**Activity:** Among the entries below, which lines run from the line with "- posłuży jako" through the line with "Silver and white"? Retype those, both ends included, exactly and without pictures.
The data Start Marker
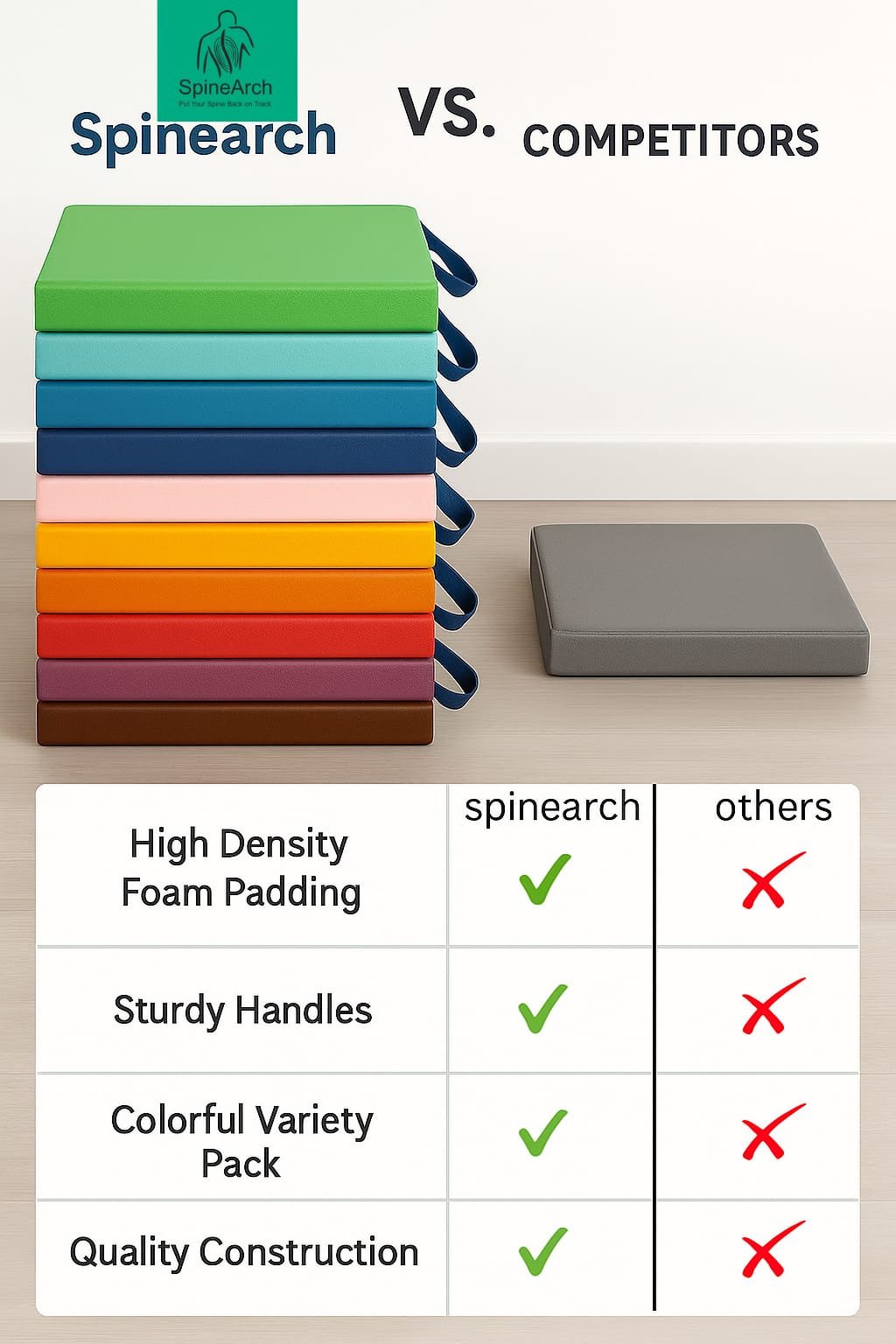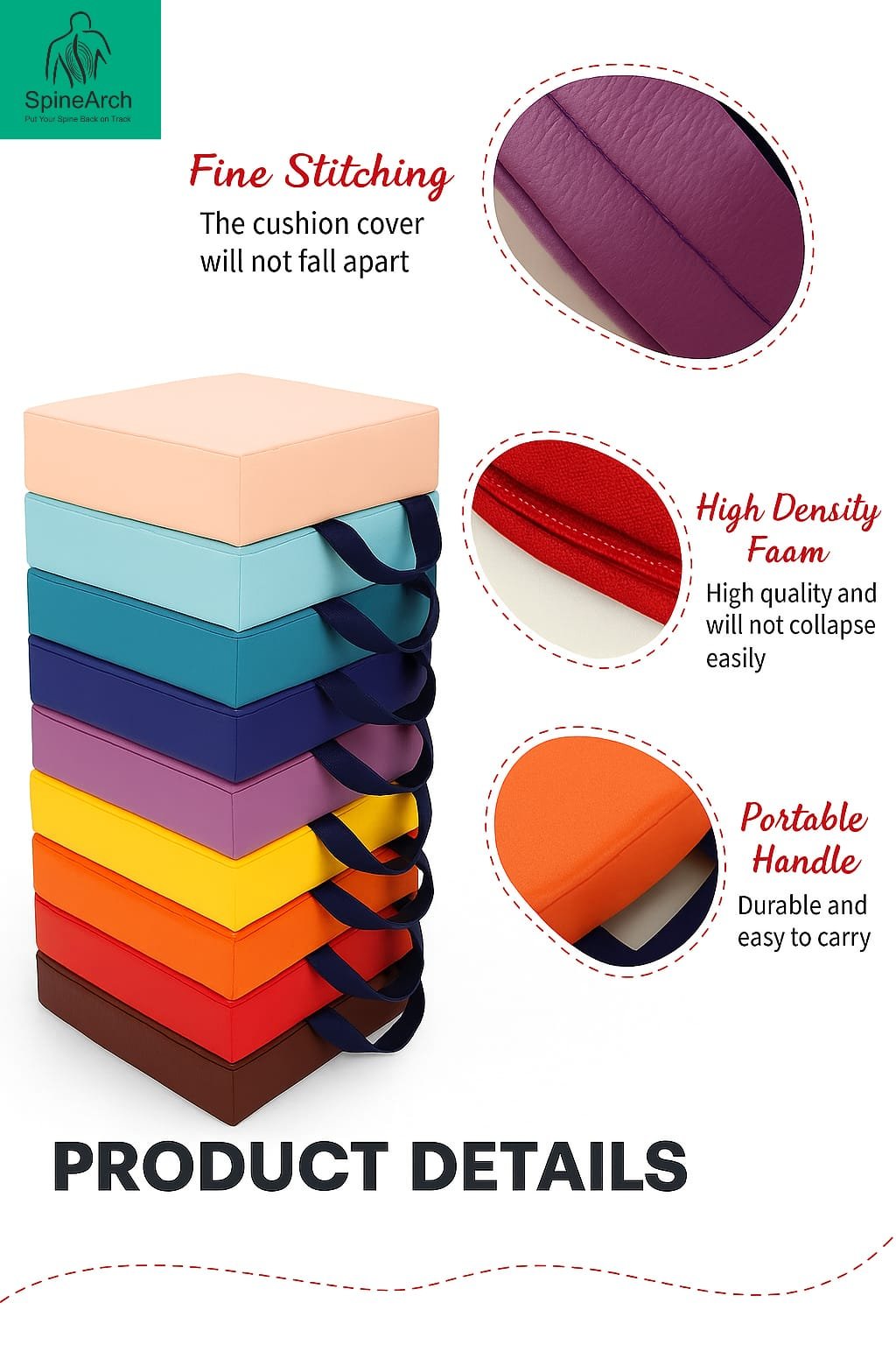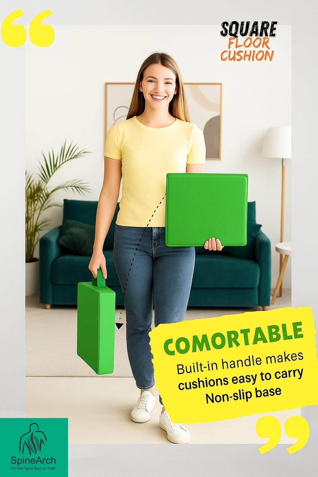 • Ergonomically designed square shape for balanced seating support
The data End Marker
The data Start Marker
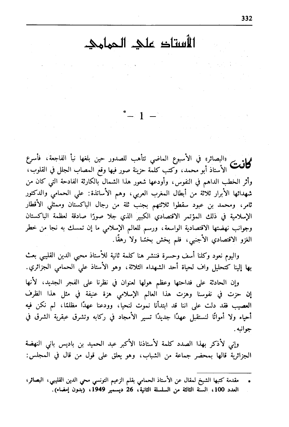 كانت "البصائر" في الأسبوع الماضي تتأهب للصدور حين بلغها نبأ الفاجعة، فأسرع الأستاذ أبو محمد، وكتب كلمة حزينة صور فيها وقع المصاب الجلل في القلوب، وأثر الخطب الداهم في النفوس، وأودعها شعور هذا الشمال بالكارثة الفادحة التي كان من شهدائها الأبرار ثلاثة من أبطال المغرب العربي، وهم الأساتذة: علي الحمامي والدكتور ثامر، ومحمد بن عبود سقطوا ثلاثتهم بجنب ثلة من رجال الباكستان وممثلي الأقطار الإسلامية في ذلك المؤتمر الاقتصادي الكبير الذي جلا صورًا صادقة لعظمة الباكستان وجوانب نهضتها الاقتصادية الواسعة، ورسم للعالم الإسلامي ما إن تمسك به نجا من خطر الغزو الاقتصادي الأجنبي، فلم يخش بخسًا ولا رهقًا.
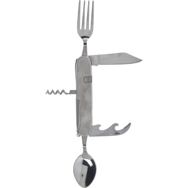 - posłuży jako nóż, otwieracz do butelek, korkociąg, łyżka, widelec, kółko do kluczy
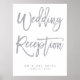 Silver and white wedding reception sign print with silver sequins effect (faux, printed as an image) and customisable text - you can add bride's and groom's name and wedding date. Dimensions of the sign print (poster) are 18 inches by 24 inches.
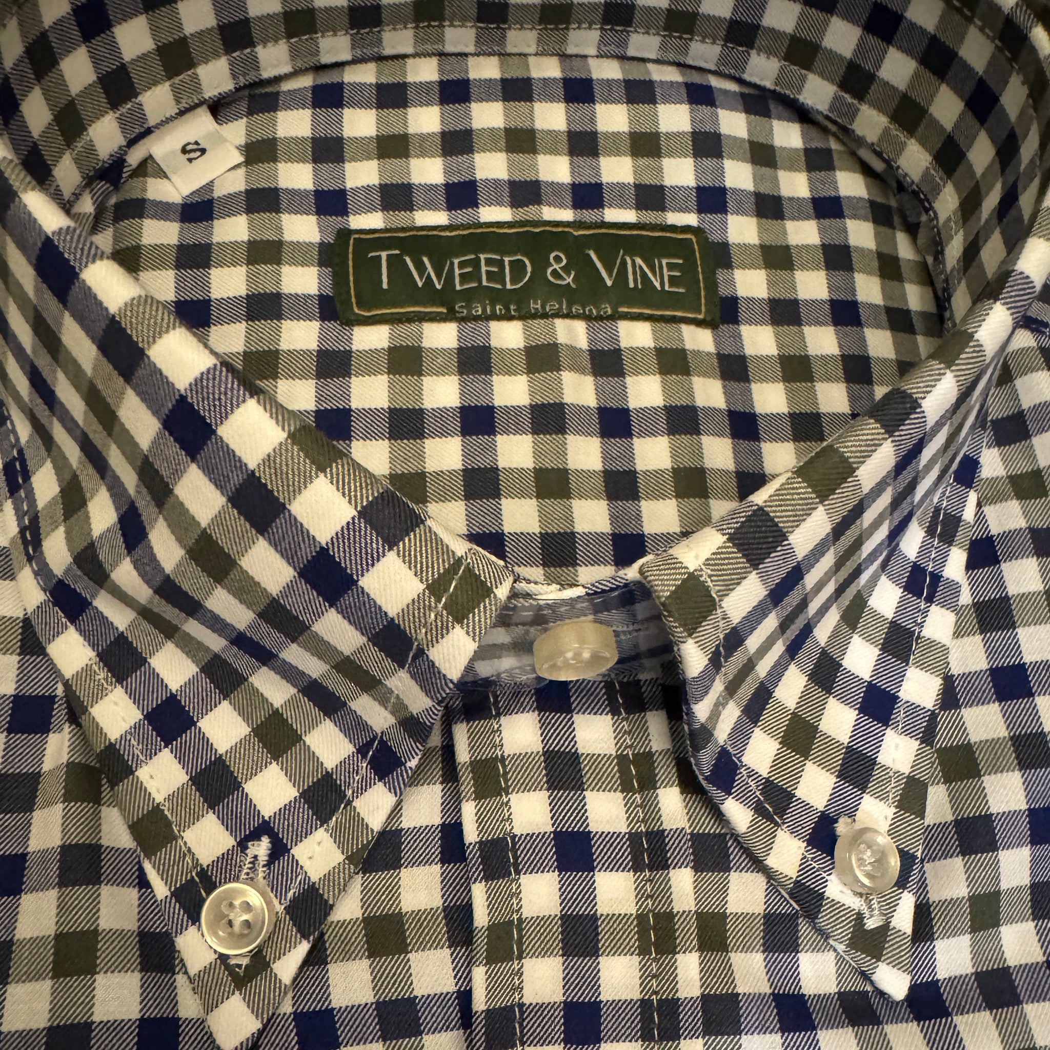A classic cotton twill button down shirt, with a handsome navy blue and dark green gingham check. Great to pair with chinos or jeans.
The data End Marker
**Task answer:**
 - posłuży jako nóż, otwieracz do butelek, korkociąg, łyżka, widelec, kółko do kluczy
 Silver and white wedding reception sign print with silver sequins effect (faux, printed as an image) and customisable text - you can add bride's and groom's name and wedding date. Dimensions of the sign print (poster) are 18 inches by 24 inches.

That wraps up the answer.